Any opinions would be great on the Microtech OTF double action knives, i'm thinking about purchasing one, (haven't decided yet on which model) i need some comments to justify the cost of one of these good looking knives....

Quality, function, likes-dislikes, etc.......... thnx


----------



## JimH (Sep 10, 2006)

I have a UTX70 that I modified to ba CA legal. I EDC it and use it numerous times each day. I carry it in my shirt pocket for really easy access. It is whitout a doubt one of my all time favorite knives.

Check the laws in your area. You'll enjoy it a lot more if you can use it regularly.


----------



## dksd39 (Sep 10, 2006)

I have 5 microtech knives-- 2 of which are OTF. I highly recommend their knives and have never had a problem with any of mine.


----------



## CLHC (Sep 10, 2006)

If you're looking for the double action OTFs, that rules out the HALOs. . .

The Makora is one double action in which the spring remains in an "at rest" position at all times except when deployed or "fired." This supposedly leaves no fatigue on the compressed spring when the knife is not in use and gives the user the reliability that when the release is pushed, the knife will function as it should.

The Q.D. Scarab is based on the Ultratech design and much the same double action as the Makora. This one I really like because of the large handles that fit fine in my hands. Ease of "deployment" when fired and retracted. Though some find the firing trigger to be somewhat "heavy," I find to be an added safety measure.

The Troodon has a slender handle that is contoured shape and fits perfectly in my hands, left or right. This one is also a double action OTF which Microtech improved the internal mechanism for operational reliability.

The Ultratech is the knife that set the standard for OTFs, and which the Makora was based on. This one is lightweight and slim and fast!

The UTX-70 is another slick "little" wonder that is 70% the size of the Ultratech. This one I use for every day stuff around the house, but mostly been relegated to opening letters and stuff. Light, fast and well built for it sheer size, but certainly no "Mickey Mouse" of a knife to be sure.

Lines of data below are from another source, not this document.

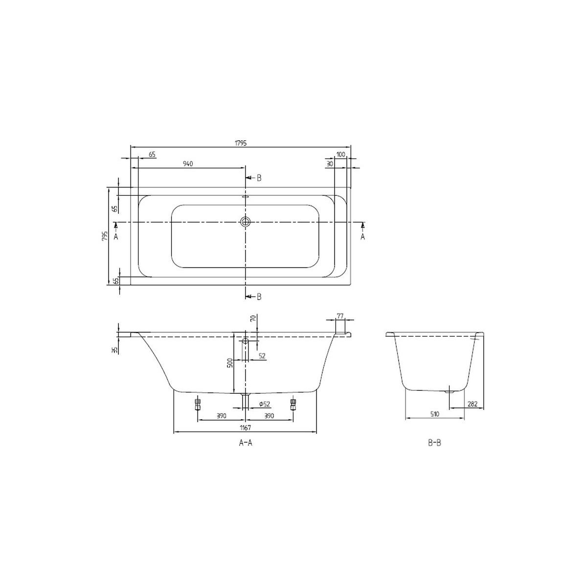 - Maße des Wannenbodens: 116,7 x 51 cm
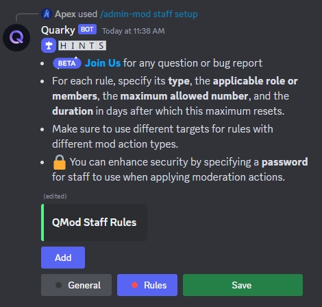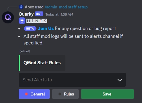 /admin-mod staff setupcommand. Here, you can specify the channel where mod actions will be sent.
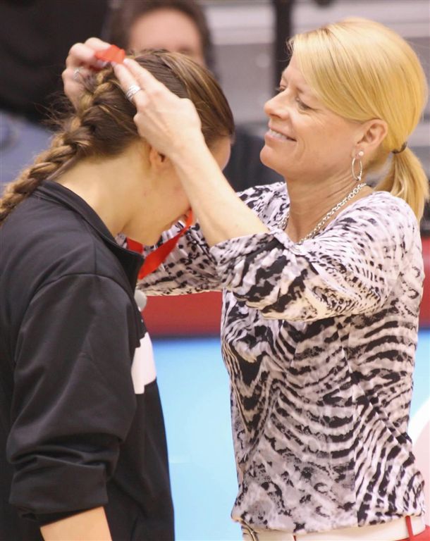 [She greets Otter star Brianna Rasmusson. They will renew their up-close and personal relationship during the game.]
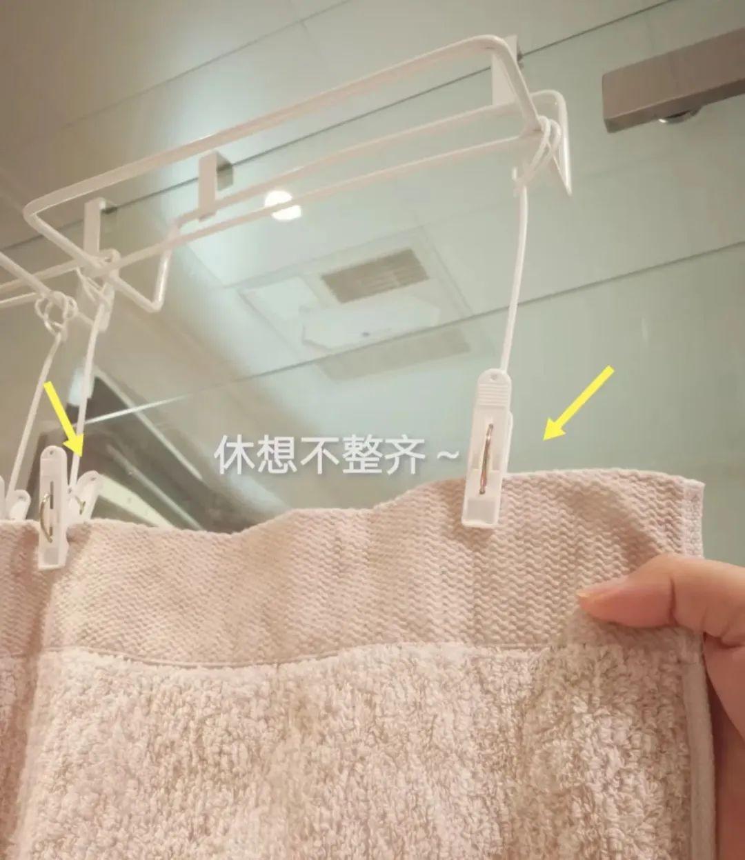 就這小小毛巾, 咱可以用毛巾歸位架解決,其實就是兩頭帶夾子的衣架。

I have not experienced any problems with any of my Microtech OTFs, and they perform as they should. The HALO is a single action but has the most "solid" feel than the rest of my MT OTFs. This one has the tightest lock up and you can hear and feel that! Kind of sort of gives a slight "kick" if you will, as does the Q.D. Scarab.

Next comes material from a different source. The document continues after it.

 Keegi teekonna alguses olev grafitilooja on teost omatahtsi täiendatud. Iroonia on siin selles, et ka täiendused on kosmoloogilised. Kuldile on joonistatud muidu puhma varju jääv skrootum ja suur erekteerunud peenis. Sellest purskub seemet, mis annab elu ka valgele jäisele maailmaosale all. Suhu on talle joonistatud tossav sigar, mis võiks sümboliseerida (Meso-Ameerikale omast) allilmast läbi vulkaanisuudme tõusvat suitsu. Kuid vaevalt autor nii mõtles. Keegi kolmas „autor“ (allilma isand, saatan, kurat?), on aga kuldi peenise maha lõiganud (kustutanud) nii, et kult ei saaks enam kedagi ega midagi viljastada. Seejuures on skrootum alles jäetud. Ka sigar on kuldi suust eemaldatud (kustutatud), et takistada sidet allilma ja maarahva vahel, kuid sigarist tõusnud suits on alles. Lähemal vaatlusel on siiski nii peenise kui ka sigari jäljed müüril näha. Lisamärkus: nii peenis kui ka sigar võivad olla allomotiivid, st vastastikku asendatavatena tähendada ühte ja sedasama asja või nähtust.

Hope you find what you're looking for and Enjoy!


----------



## GarageBoy (Sep 10, 2006)

The Scarab has dual springs IIRC


----------



## bitterman1970 (Sep 10, 2006)

I've only had an ultratech which I sold on recently..very sturdy little knife although it had some blade play open but this apparently is not unusual...however for really solid lockup and no blade play, a HALO is the way to go.

....by the way, OTF's are great to play with....Click Clack Click Clack....


----------



## rscanady (Sep 10, 2006)

I have a Makora, and it is top notch, a Scarab is next on the list for me....after I pay for the two William Henry's I ordered.

Ryan


----------